Он отнял руки от лица. Оно сияло, лучилось радостью; оба глаза лучились, и рот, и подбородок; и левая часть головы лучилась, лишённая растительности, и правая, покрытая жидкими волосами. Но затем в лице незнакомца появилась некая озабоченность, он спросил:
– Но как вы смогли пройти? Ведь там, наверху, пустыня, всё выжжено, ничего живого не осталось! Может быть, вы пришли из иных миров?
– Да нет, мы на плоту приплыли, из Верхней конторы, – ответила Вьюга. – И вы ошибаетесь: там, снаружи, лето, птицы поют… Хотя в последний момент всё почему-то стало замерзать…
– На плоту? – с удивлением произнёс человек. – Лето? Из Верхней Конторы? Как это странно! Это совершенно не соответствует… никаким представлениям не соответствует. Но пусть! В конечном счёте, это неважно. Вы здесь – и это главное. Значит, я могу начать свой рассказ. Итак, вы находитесь у входа на первый уровень. Отсюда…
Люди слушали с недоумением.
– Всё это, конечно, круто, – сказал Враг. – И в другой раз я бы с удовольствием послушал. Но у нас там плот, нам плыть надо…

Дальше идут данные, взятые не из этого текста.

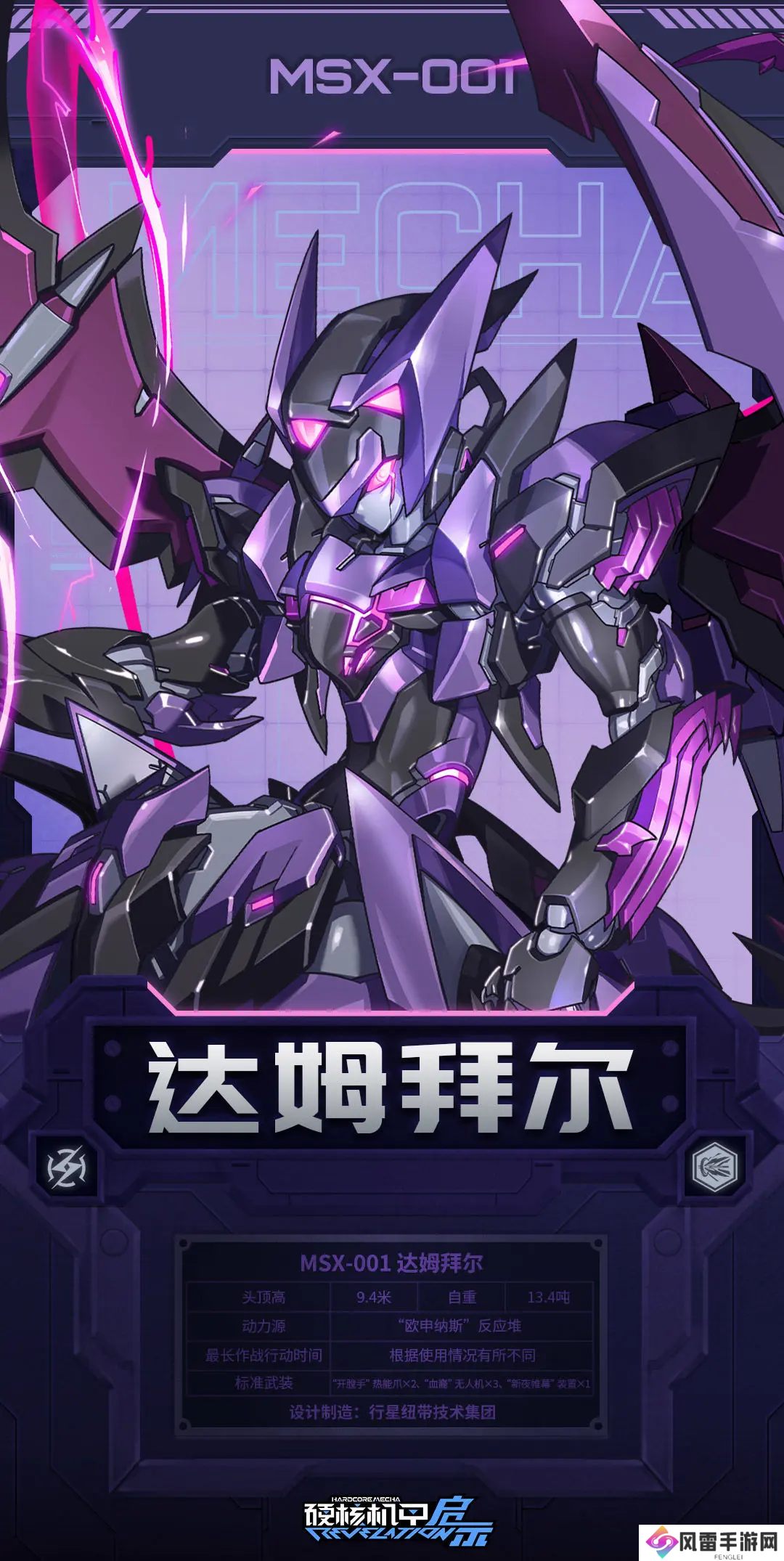 拥有“内构破坏”的特性,特性的机甲可以造成更多的瘫痪值,使敌人陷入过载或瘫痪状态时触发的额外伤害也更高,适合迅速瘫痪敌人,会后续的输出创造机会。它的终极武装“黑暗领域”值得一提,它会使用热能爪对周围的敌人发动五次攻击,随后将环绕自身飞行的蝙蝠无人机召唤出来,对触碰的敌人造成物理伤害。

– Мы и так от графика отстаём, – добавила Вьюга. – Может, вы нам поможете эту дверь открыть?
– Как же я её открою? – удивился незнакомец. – Для этого специальный ключ нужен. Ключ есть у дежурного, но к нему обращаться нельзя. Никак нельзя! Потому что этот вход, Малый Секретный, охраняют боевые отморозки из Первого гвардейского полка рецидива. Договориться с ними невозможно. Вообще мы тут с вами слишком задержались, возле двери, и разговариваем громко. Если они нас услышат, я за вашу жизнь копейки не дам.
– Да один из них тут уже был, – сообщил Враг. – Даже шмалять в меня начал, только не попал. А потом у него патроны кончились, рожок оказался незаряженный, и он отчалил.

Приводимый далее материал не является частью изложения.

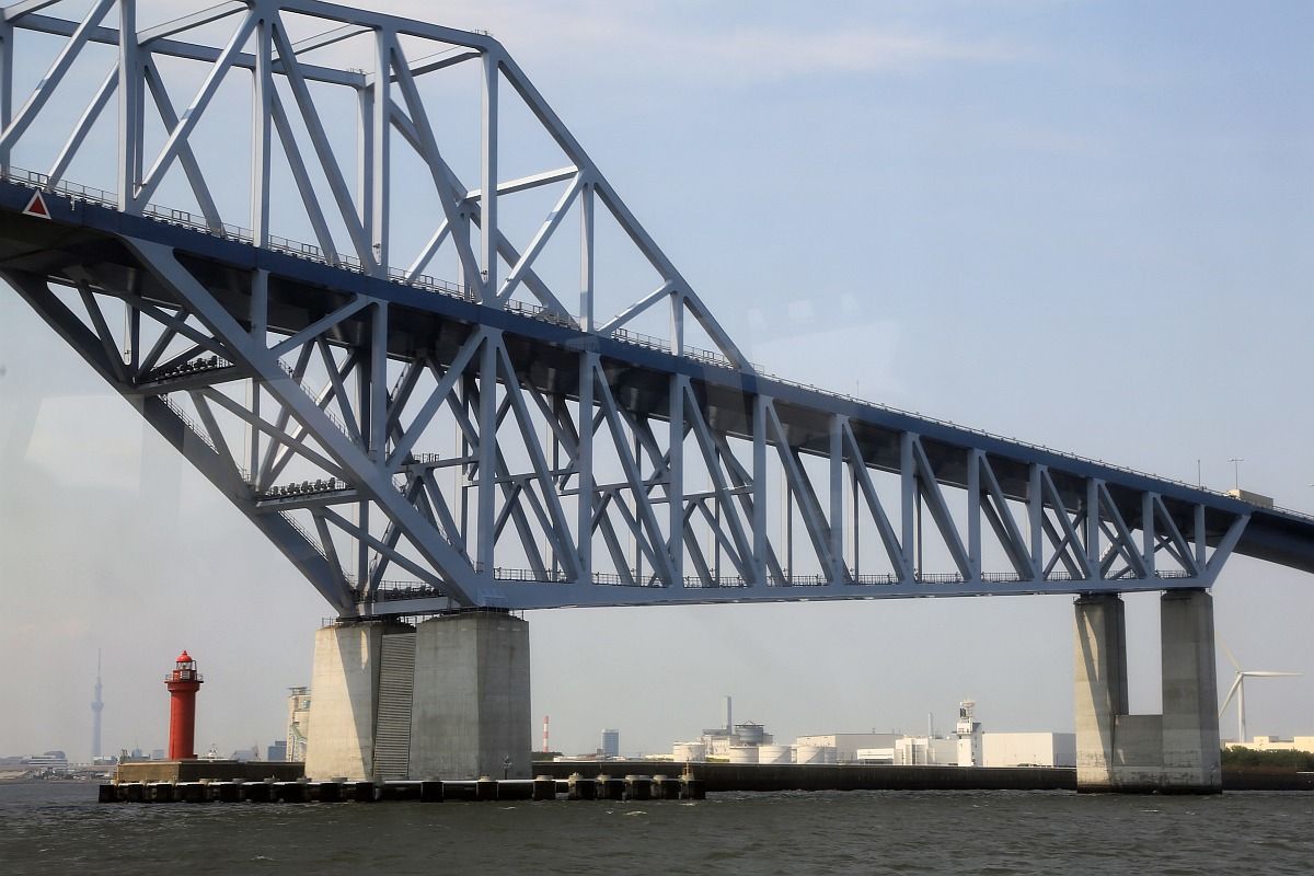 自分が座った右側の座席からだと、このように「東京ゲートブリッジ」を潜るちょっと前になんとか撮れる程度でした。左端の灯台と同じ高さにちょこんと見えるのがスカイツリーです(^^;)

– Тут был дежурный?! – вскричал человек в плаще – но тихо вскричал, почти шёпотом. – Тогда бежать надо! Они сейчас вернутся! Ещё разок карты раздадут и вернутся. Я даже знаю, на что они будут играть: проигравший должен будет вас в шахту скинуть. И я вас всех здесь не закрою – много вас. Так что бежим! И свет выключи, издалека видно.
Почему-то никто не стал с ним спорить. Враг выключил фонарик, все подхватили рюкзаки и последовали за человеком в плаще. Под тусклым светом одинокой лампочки дошли до места, где коридор разделялся. Повернули направо, вышли к лестнице. Здесь слышнее стал гул, стон и скрежет, гуще и отвратней вонь. Звуки и запахи доносились снизу, из темноты. Между тем проводник повёл людей вверх – один пролёт, второй, третий. Взобравшись на верхнюю площадку, толкнул дверь и вошёл в комнату, показавшуюся людям, после низких коридоров, и высокой, и светлой. Свет (правда, какой-то мрачный, мутный) шёл из круглых окошек с толстыми стеклами, вроде корабельных иллюминаторов.

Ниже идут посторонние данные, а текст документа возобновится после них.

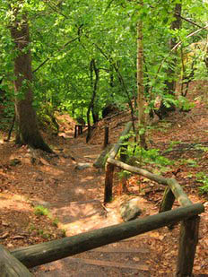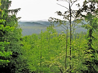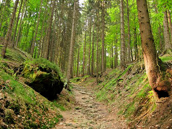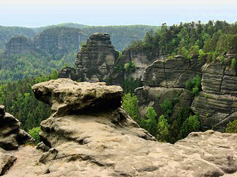 This was a rough walk uphill with many tree roots and rocks to contend with, but it was quite beautiful in the early morning's dappled sunlight. Along the sides was bright green foliage of ferns and moss and also some immense boulders, relics of the last Ice Age. The section was very reminiscent of the Appalachian Trail sections I'd walked in New Hampshire. I continued until reaching the summit of the Grosses Pohlhorn, where I made a short detour to a viewpoint. Not only was the view from here excellent, I had the unusual luxury of enjoying it in complete silence, no bird song, no people, no vehicles. From here, I started the Dreisteigensteig, making my way down many wooden steps from the summit and crossed a bridge over the Kirnitzsch river. The trail upwards from here was even rougher than previously. At the peak, it then went down gradually until reaching a road where the Altes Zeughaus stood. This was once an armoury where Royalty kept their hunting weapons, but today is a restaurant. I met the 4 German hikers again here and swapped experiences over a Hefeweizen.

Пропустив людей в комнату, незнакомец остался у двери. Стоял, слегка приоткрыв полотно, к чему-то прислушиваясь. И вот – услышал (да и остальные услышали). Снизу, поверх гула и стона, донёсся топот ног и голоса. И даже слова можно было различить.
Это были те самые слова, какие слышит каждый русский человек – слышит и в минуту жизни трудную как предельно эмоциональное выражение глубоких переживаний, и в обычные часы, лишённые переживаний, как будничную речь. И эта будничная речь потопталась там, у входа, затем приблизилась, зазвучала возле лестницы. Легко можно было различить: «С четвёртого уровня ***** сука я тебе говорю я их ***** сразу вижу да с какого *** с четвёртого не ***** на *** да там тёлки были ***** их в рот да пошли они все в ***** ***** тя нечего тут ******* задержать ***** тя в сраку». Повтор программы и ещё раз. Аргументы относительно предполагаемой локализации нарушителей на четвёртом уровне были повторены с прежней убедительностью и отвергнуты с прежней твёрдостью. Также были отвергнуты робкие предложения спуститься кому-то на четвёртый с целью проверки, либо подняться в смотровую. Против последнего предложения выдвигались особенно энергичные доводы. О, какие доводы там звучали! Даже Враг с Олегом, люди бывалые, услышали там кое-что для себя новое. В финале весь состав участников зазвучал мощным крещендо, после чего всё вдруг стихло, шаги удалились. Слушатели, поражённые величием заключительной части, а также неожиданной концовкой, облегчённо вздохнули.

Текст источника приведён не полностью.